This question is over a year old, but I have a different perspective which might interest you.
As others have pointed out, $\text{Proj}$ is not even a functor, let alone fully faithful, but it does factor through an equivalence in the following sense. A $\mathbb{Z}$-grading on a ring $A$ is the same as an action of the multiplicative group $\mathbb{G}_m$ on $\text{Spec } A$. Homomorphisms of graded rings correspond to $\mathbb{G}_m$-equivariant morphisms of schemes. So $\text{Spec}$ induces an equivalence from graded rings to affine schemes with $\mathbb{G}_m$-action.

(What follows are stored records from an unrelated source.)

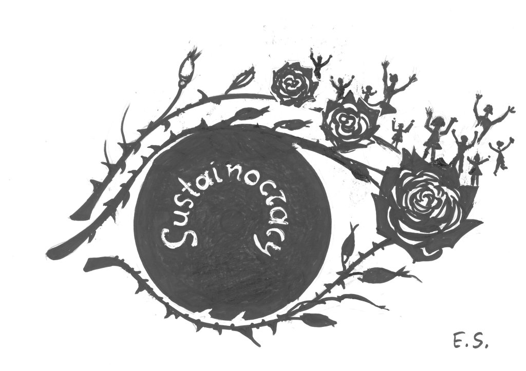 Het oog is voor mij de deur naar onze ziel. Via de vele gelaagde obstakels, zoals opgelegde dogma’s, levenslessen en gebeurtenissen, komen we bij de bron, daar waar Sustainocratie is geboren. De doornen transformeren zo in mooie rozen en vrolijke mensen, jong en oud. Bijzonder hoe Evi dit alles geeft kunnen vastleggen in een prachtig beeld. Hartverwarmend!
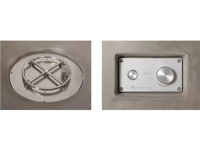 - Equipped with our new 60,000 BTU "Professional" burner system which includes a commercial grade burner, 12v (8X AA battery operated) push button ignition and a hi fidelity style control panel.
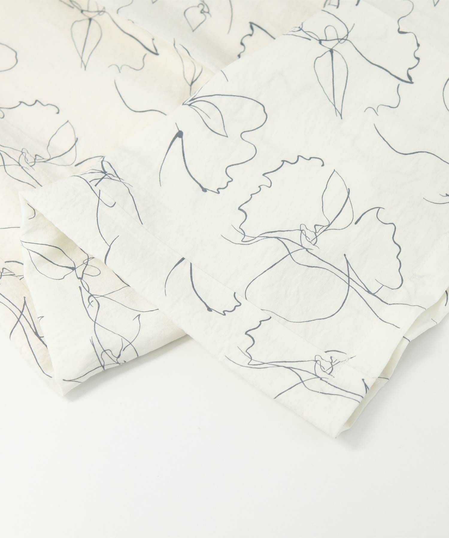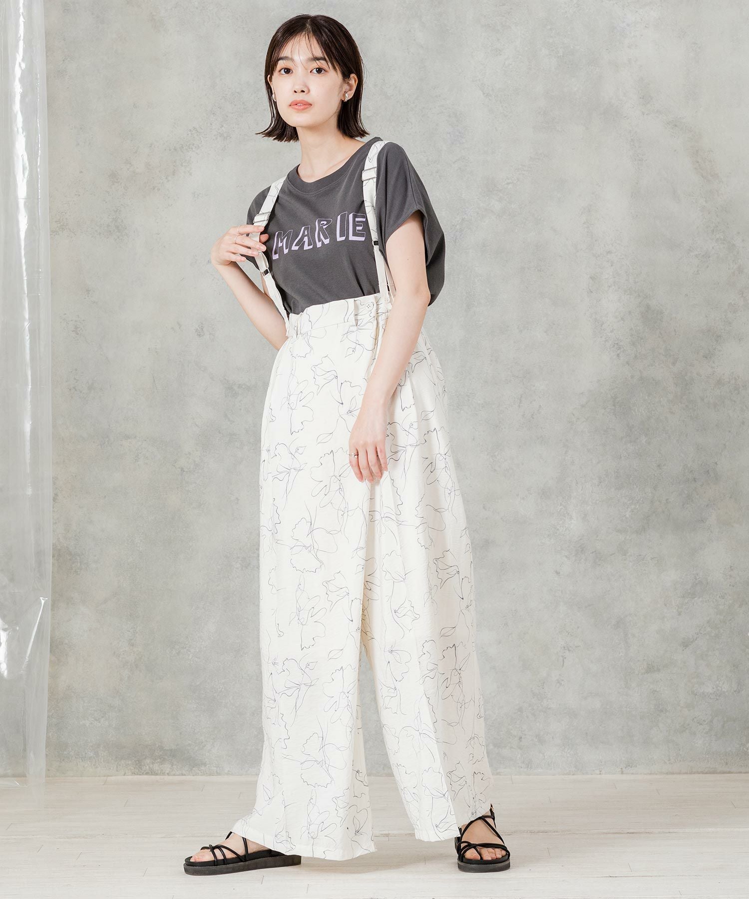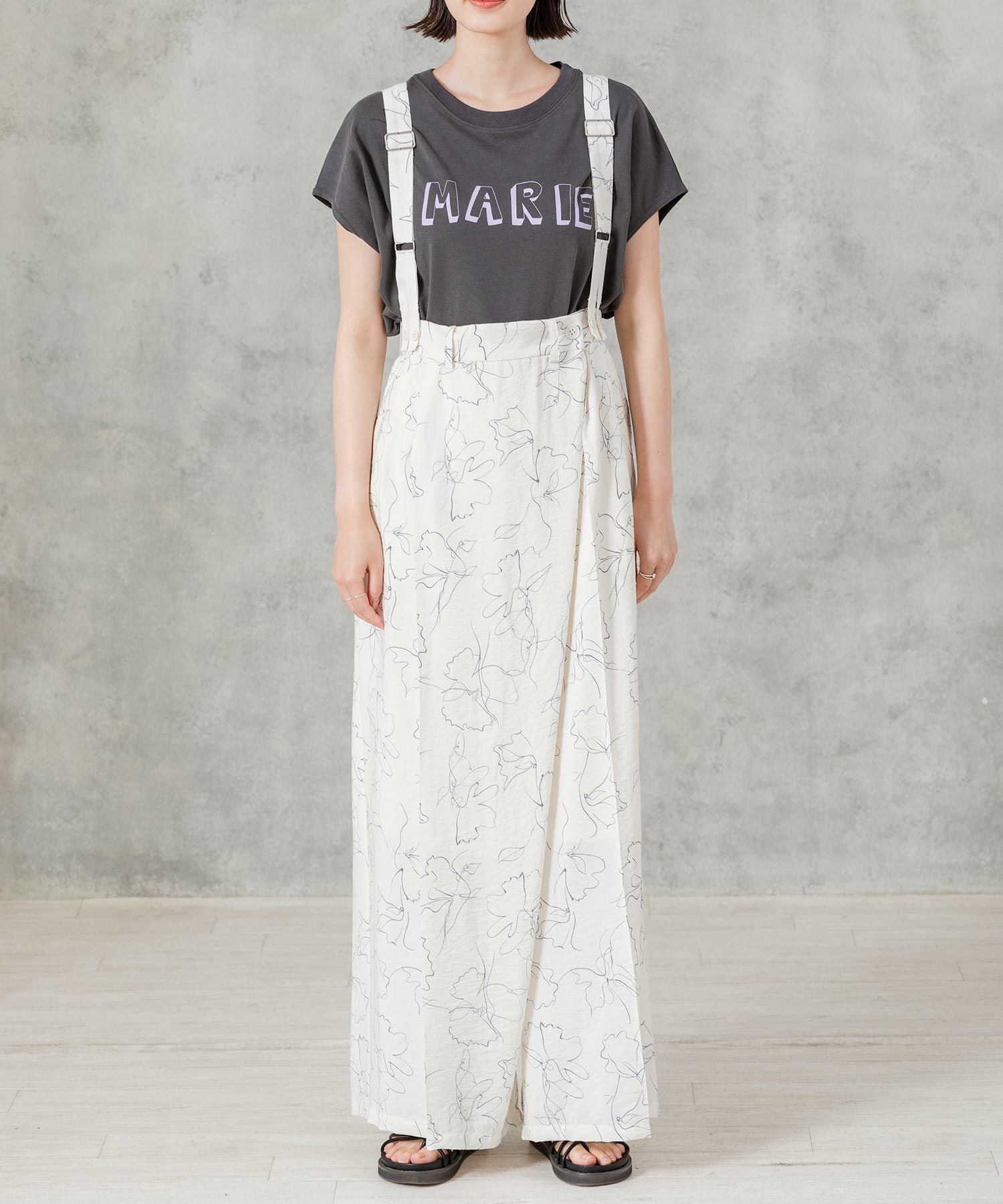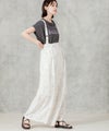 【AudreyandJohnWad(オードリーアンドジョンワッド】から、ラップデザインがトレンドライクなワイドパンツをセレクト。繊細な線画タッチの花柄プリントが大人フェミニンムードを高めます。

But $\text{Proj}$ is only defined on nonnegatively graded rings. Call a $\mathbb{G}_m$-action on scheme $X$ contracting if it extends to an action of the multiplicative monoid $\mathbb{A}^1$. Intuitively, this means that the $\mathbb{G}_m$-action contracts $X$ onto its fixed point locus $X^{\mathbb{G}_m}$. Then a graded ring $A$ is nonnegatively graded if and only if the corresponding $\mathbb{G}_m$-action on $\text{Spec } A$ is contracting.

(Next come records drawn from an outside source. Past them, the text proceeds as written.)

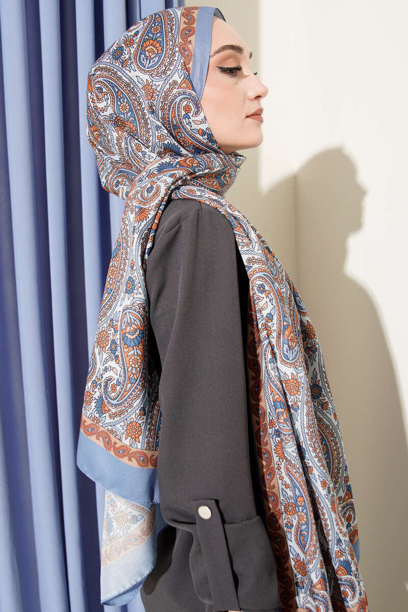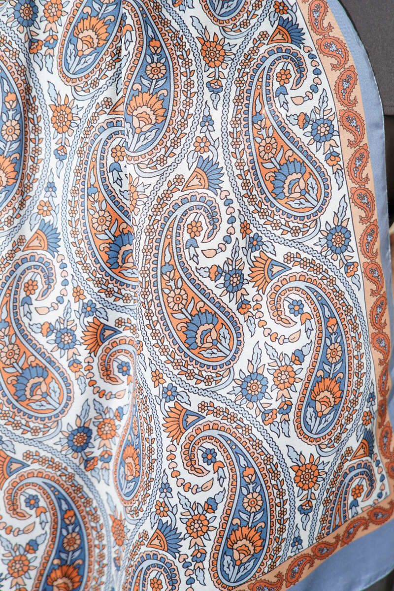 Çini Paisley Desen Şal Soft Mavi
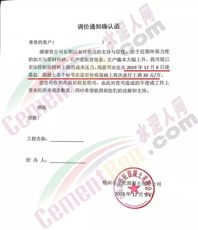 12月2日梧州市圣旺混凝土有限公司調(diào)價通知稱由于近期環(huán)保力度的加大與原材料砂、石嚴(yán)重斷貨,生產(chǎn)成本大幅上升,公司已無法控制原材料上漲的成本壓力。經(jīng)公司研究決定 自12月6日凌晨起,混凝土各標(biāo)號在原有價格上再次進(jìn)行上調(diào)30元/方。
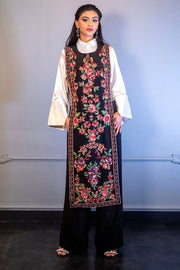 Raizel, A 3pc outfit. It features enchanted rose motifs and sequins work. It paired with inner Charmeuse silk shirt and italian crepe pants. Raizel, is indeed a beautiful representation of fantasy and fashion with sparkling look.
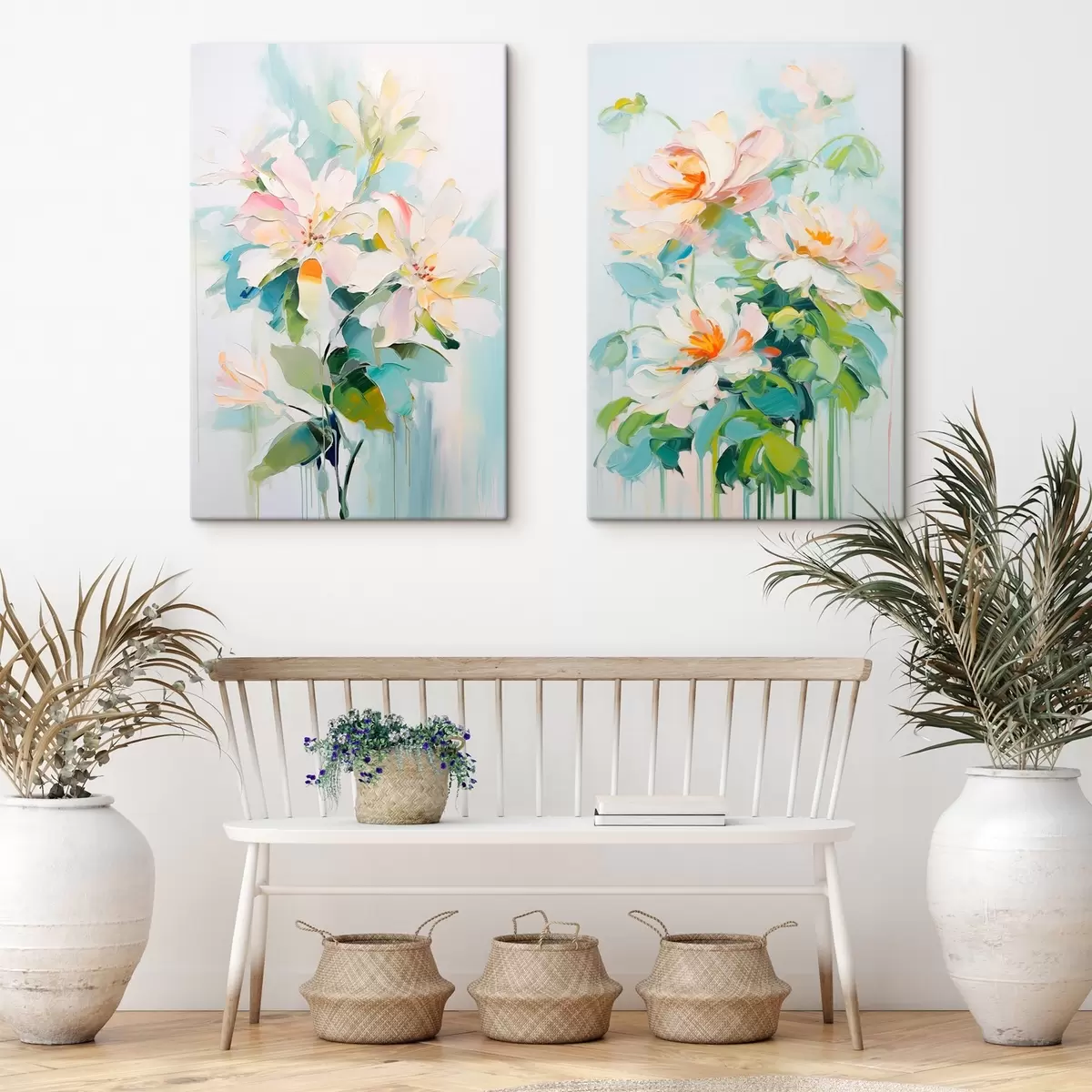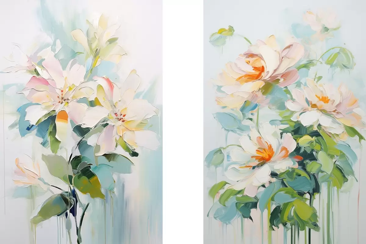 Picture White and pastel peach flowers, green leaves, soft brushstrokes oil painting imitation, light blue background Nr m00644
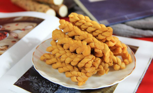 用这样的山药粉再加上优质小麦粉精心配比,运用数十道工艺、揉搓对折再对折,最后低温真空油炸。
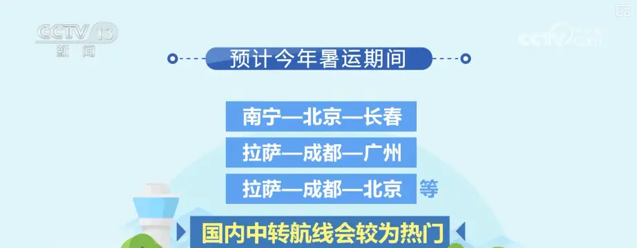 2025年的情况与往昔迥异,性价比更高的中转联程产品需求明显增长。特别是通过北京、成都、昆明、西安等关键枢纽城市进行中转的航班和联运线路,客流量显著增多。据预测,在2025年的暑运期间,南宁至北京再转至长春、拉萨至成都再转至广州、拉萨至成都再转至北京等国内中转航线,将会特别受欢迎。
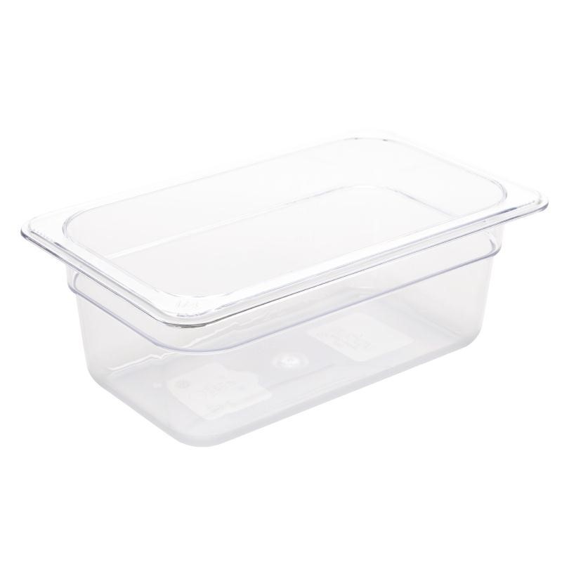 GN 1/4. Transparant. 100mm diep. Inhoud: 2,4 liter.Ontvanger :
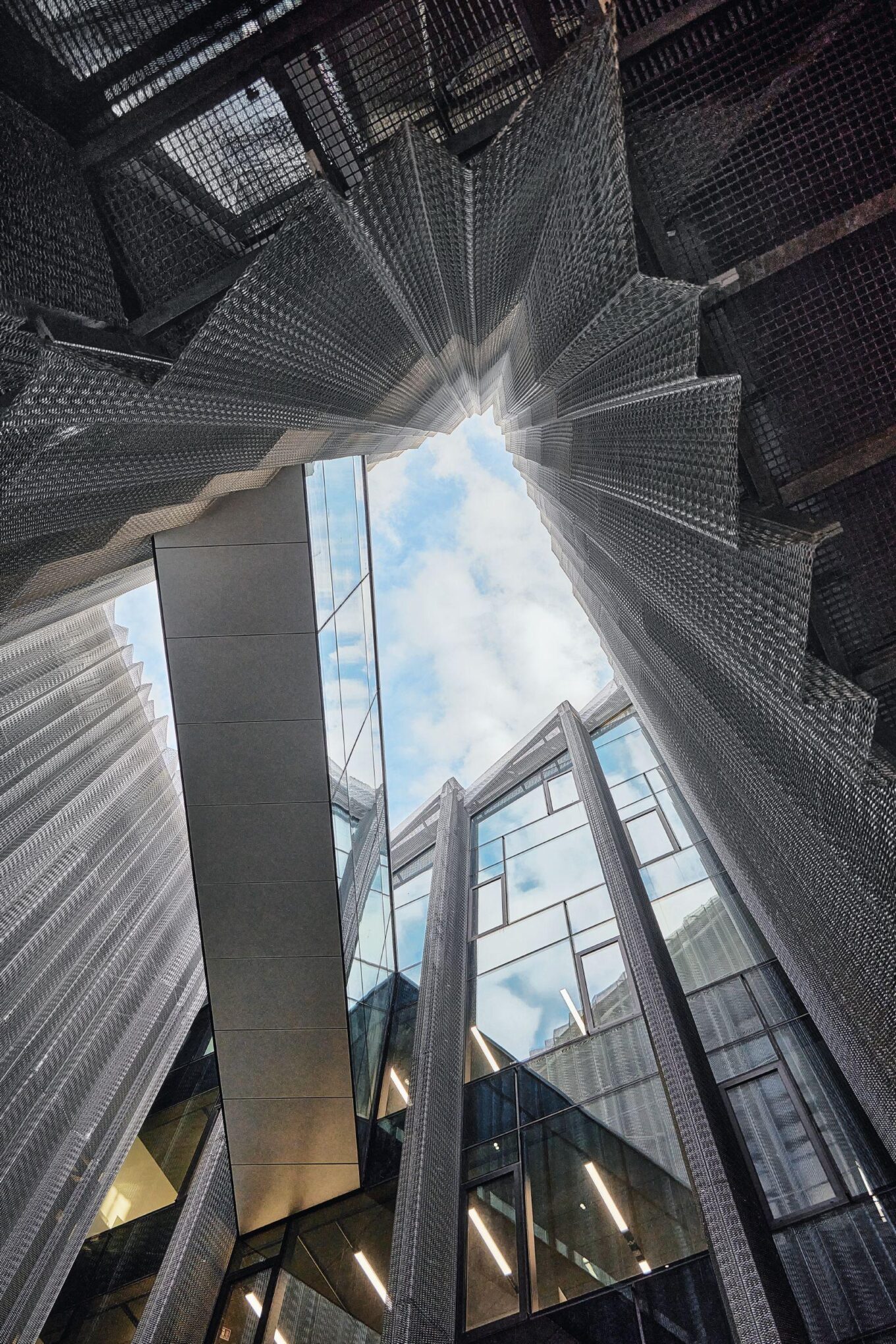 Фасад — справжній маніфест «нового індустріалізму»: агресивні об’єми, де складні кути та похилі площини ріжуть простір, приборкує алюмінієва сітчаста «шкіра». Ця інженерна оболонка не приховує конструкцію: сталевий екзоскелет, розроблений Arup, стає видимою опорою, демонструючи, як великі прольоти ігнорують традиційні обмеження. Похилий дах оптимізує природне освітлення з півночі й інтегрує фотоелектричні панелі потужністю 3 МВт, доповнені геотермальними тепловими насосами та радіантними стелями, роблячи будівлю зразком низьковуглецевої автономії із сертифікатом Nearly Zero Energy Building.

So we can interpret $\text{Proj}$ as a construction which builds a scheme from an affine scheme with contracting $\mathbb{G}_m$-action. Namely, it sends $X$ to the GIT quotient $(X \setminus X^{\mathbb{G}_m})//\mathbb{G}_m$.

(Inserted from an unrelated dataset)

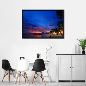 Beach Night Scene Canvas Wall Art captures a tropical beach at sunset with palm trees, calm water, and silhouetted islands. A tranquil, warm palette of blue, pink and orange creates a relaxed, exotic mood that works well in coastal or modern rooms like living rooms and bedrooms.
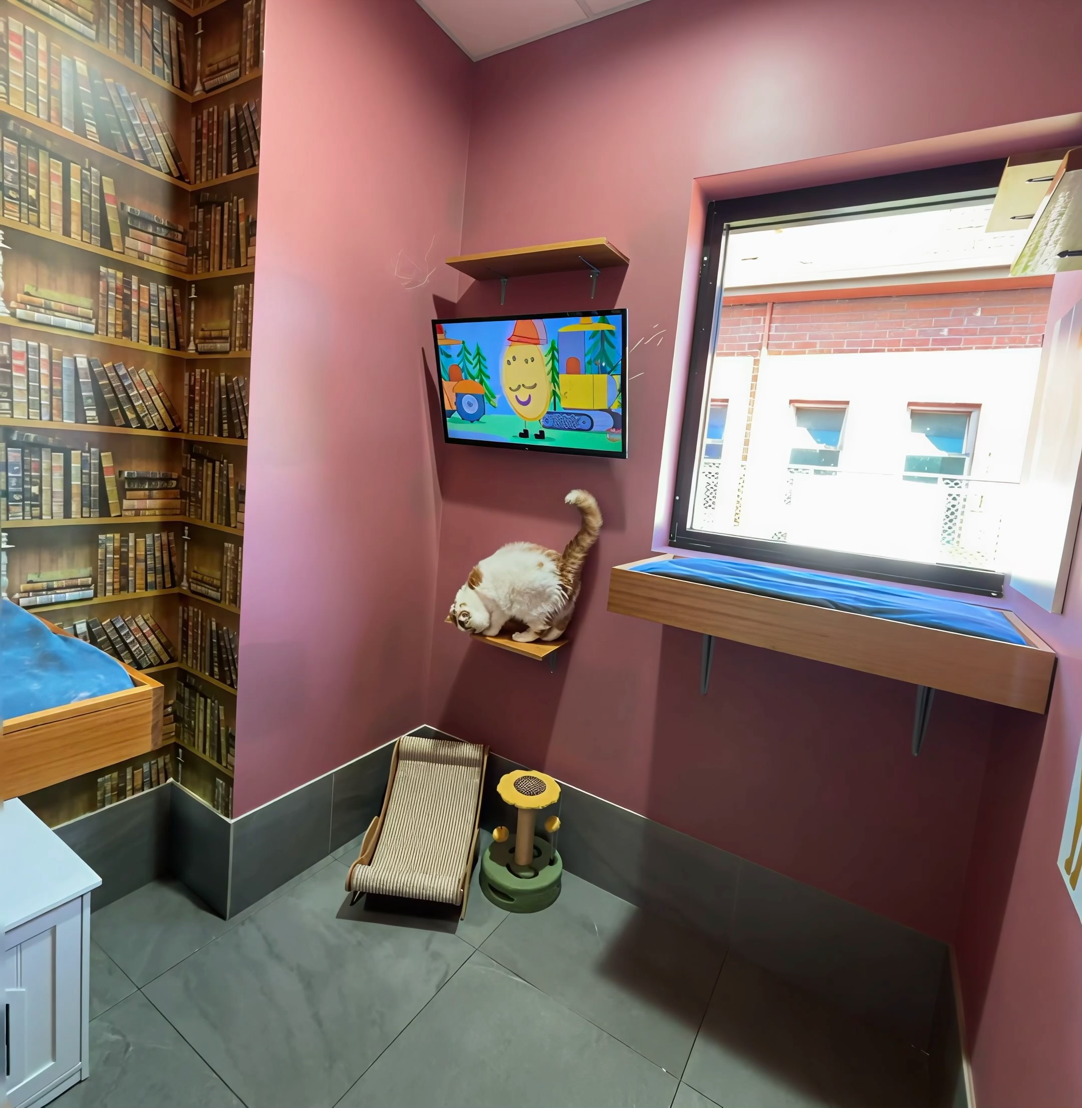 Our suites are designed with your cat’s comfort in mind. Think of them as designer dens, complete with climbing shelves, big windows, and plush bedding. It’s a home away from home, crafted to make your cat feel pampered.

The failure of functoriality is due to the fact that a morphism $X \to Y$ can send points in $X \setminus X^{\mathbb{G}_m}$ to points in $Y^{\mathbb{G}_m}$. There is also some loss of information because any nonzero power of the $\mathbb{G}_m$-action produces the same GIT quotient: this is the Veronese stuff.